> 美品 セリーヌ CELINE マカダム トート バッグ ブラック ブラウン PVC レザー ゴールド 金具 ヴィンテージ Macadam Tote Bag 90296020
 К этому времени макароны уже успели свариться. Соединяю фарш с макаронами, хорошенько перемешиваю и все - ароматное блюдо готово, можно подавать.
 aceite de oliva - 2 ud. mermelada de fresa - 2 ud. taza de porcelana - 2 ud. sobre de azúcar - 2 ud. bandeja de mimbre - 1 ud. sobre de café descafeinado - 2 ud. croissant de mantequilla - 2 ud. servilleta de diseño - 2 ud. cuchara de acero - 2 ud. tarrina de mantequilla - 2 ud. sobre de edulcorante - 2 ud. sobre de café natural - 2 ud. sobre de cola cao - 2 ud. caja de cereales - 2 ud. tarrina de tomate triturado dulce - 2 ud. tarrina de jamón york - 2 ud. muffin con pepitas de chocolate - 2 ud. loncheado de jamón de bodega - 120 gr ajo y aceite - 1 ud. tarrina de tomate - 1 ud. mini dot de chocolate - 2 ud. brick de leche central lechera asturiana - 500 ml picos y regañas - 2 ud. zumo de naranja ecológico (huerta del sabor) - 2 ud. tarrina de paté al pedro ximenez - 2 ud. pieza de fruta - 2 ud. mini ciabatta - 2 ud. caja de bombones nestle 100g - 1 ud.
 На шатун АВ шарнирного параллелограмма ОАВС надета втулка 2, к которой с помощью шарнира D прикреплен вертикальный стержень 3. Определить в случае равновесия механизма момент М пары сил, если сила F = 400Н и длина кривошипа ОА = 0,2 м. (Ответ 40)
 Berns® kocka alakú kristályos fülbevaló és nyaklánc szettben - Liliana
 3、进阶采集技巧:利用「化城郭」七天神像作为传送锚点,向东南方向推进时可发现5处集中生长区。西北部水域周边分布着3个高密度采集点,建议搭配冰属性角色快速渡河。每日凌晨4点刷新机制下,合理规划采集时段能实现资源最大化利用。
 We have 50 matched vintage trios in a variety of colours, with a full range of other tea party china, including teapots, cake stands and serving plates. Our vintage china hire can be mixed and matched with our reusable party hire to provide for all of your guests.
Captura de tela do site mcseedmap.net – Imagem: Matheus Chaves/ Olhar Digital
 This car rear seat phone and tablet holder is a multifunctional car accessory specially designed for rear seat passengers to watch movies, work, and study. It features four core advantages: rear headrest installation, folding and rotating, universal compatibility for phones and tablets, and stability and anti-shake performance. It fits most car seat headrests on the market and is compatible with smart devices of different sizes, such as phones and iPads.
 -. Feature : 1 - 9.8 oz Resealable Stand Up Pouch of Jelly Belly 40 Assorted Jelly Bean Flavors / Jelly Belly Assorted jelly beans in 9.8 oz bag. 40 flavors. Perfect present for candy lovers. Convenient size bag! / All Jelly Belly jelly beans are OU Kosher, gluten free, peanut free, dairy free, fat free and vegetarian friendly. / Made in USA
────────────────────────────────────────
**TASK BRIEF:** Leave out every line above except those from the line with "We have 50 matched" up to and including the line with "Captura de tela", and copy those exactly.

**RESPONSE AREA:**
 We have 50 matched vintage trios in a variety of colours, with a full range of other tea party china, including teapots, cake stands and serving plates. Our vintage china hire can be mixed and matched with our reusable party hire to provide for all of your guests.
Captura de tela do site mcseedmap.net – Imagem: Matheus Chaves/ Olhar Digital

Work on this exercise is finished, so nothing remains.